======== Data excerpt ========

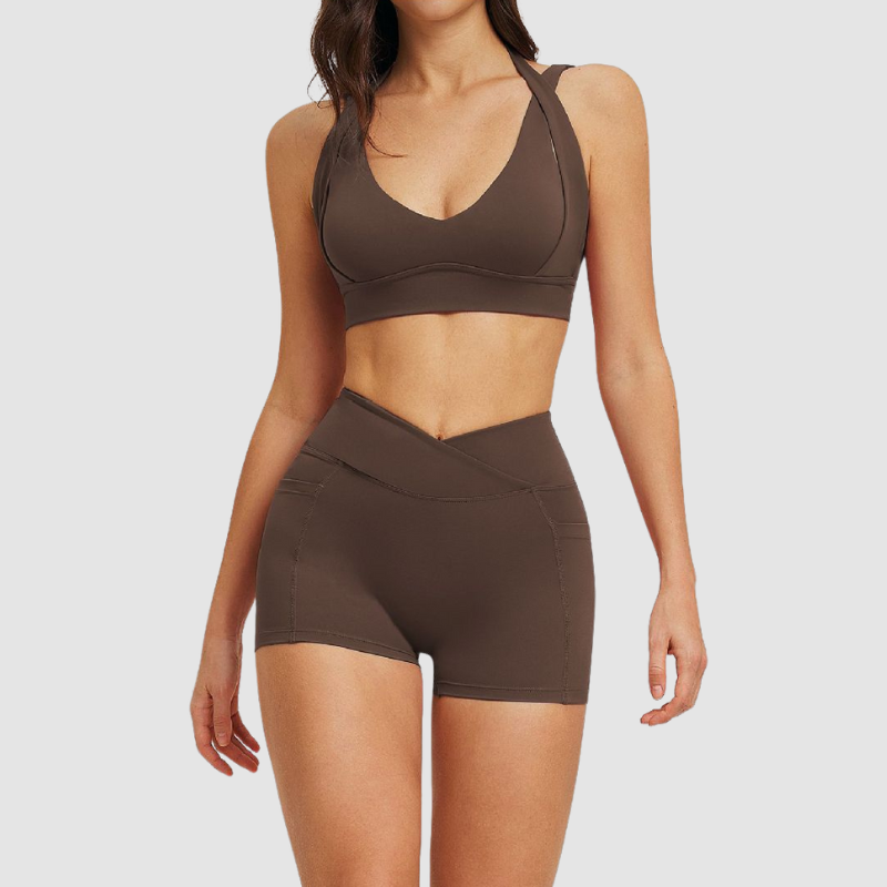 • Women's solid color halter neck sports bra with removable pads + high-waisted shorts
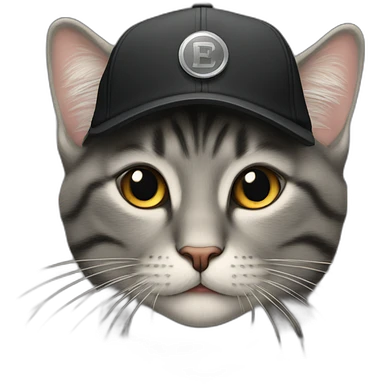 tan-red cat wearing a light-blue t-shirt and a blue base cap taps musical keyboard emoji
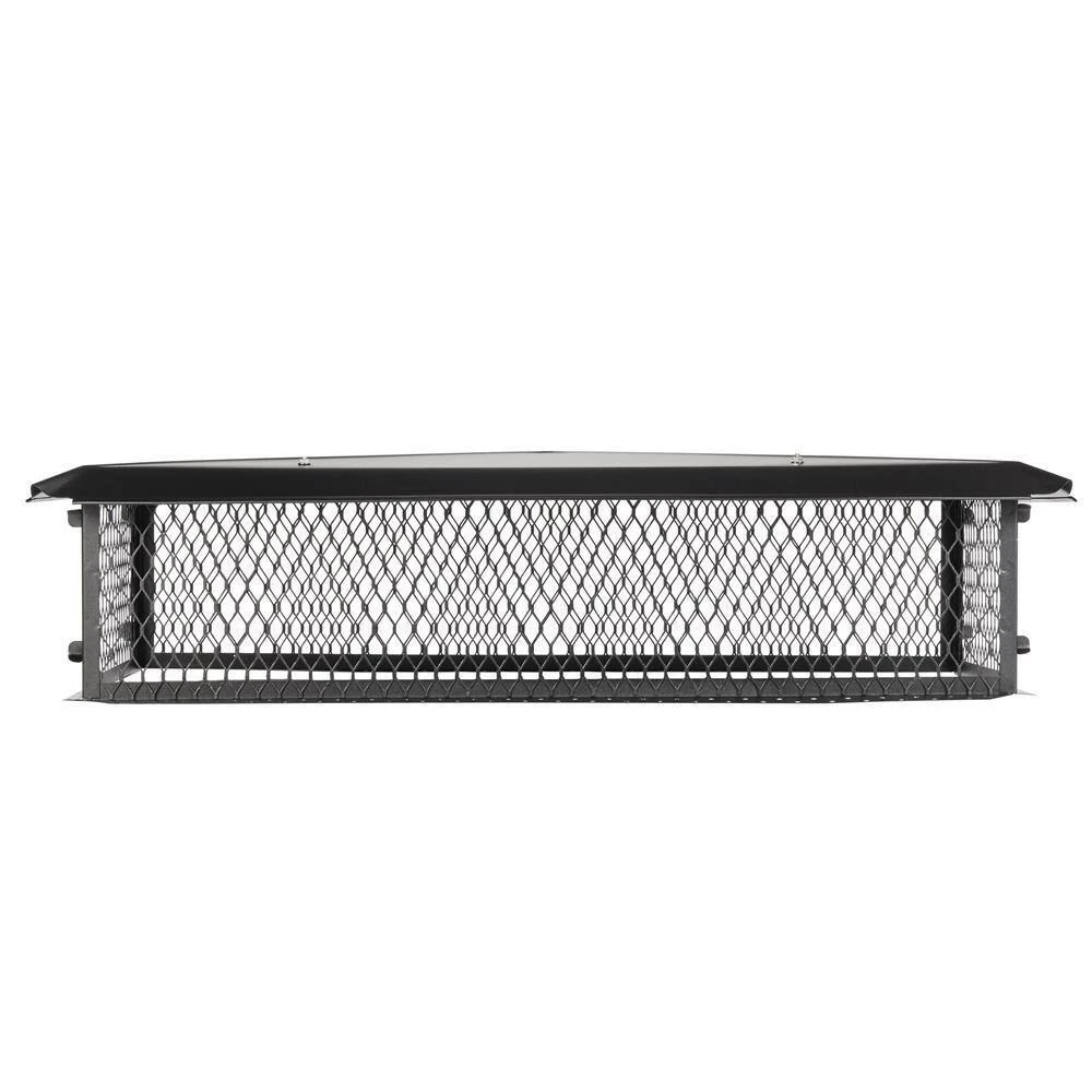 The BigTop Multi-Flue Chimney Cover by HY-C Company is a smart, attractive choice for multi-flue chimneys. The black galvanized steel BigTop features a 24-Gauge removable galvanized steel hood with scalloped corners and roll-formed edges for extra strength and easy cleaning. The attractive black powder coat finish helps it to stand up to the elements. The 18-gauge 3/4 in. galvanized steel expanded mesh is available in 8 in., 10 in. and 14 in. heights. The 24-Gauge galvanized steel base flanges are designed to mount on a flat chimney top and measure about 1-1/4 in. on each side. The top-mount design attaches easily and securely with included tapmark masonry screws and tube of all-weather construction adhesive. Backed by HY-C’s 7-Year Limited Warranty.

========

## About this task
Make an exact copy of the listing. Do not carry over its pictures.

## Task answer
 • Women's solid color halter neck sports bra with removable pads + high-waisted shorts
 tan-red cat wearing a light-blue t-shirt and a blue base cap taps musical keyboard emoji
 The BigTop Multi-Flue Chimney Cover by HY-C Company is a smart, attractive choice for multi-flue chimneys. The black galvanized steel BigTop features a 24-Gauge removable galvanized steel hood with scalloped corners and roll-formed edges for extra strength and easy cleaning. The attractive black powder coat finish helps it to stand up to the elements. The 18-gauge 3/4 in. galvanized steel expanded mesh is available in 8 in., 10 in. and 14 in. heights. The 24-Gauge galvanized steel base flanges are designed to mount on a flat chimney top and measure about 1-1/4 in. on each side. The top-mount design attaches easily and securely with included tapmark masonry screws and tube of all-weather construction adhesive. Backed by HY-C’s 7-Year Limited Warranty.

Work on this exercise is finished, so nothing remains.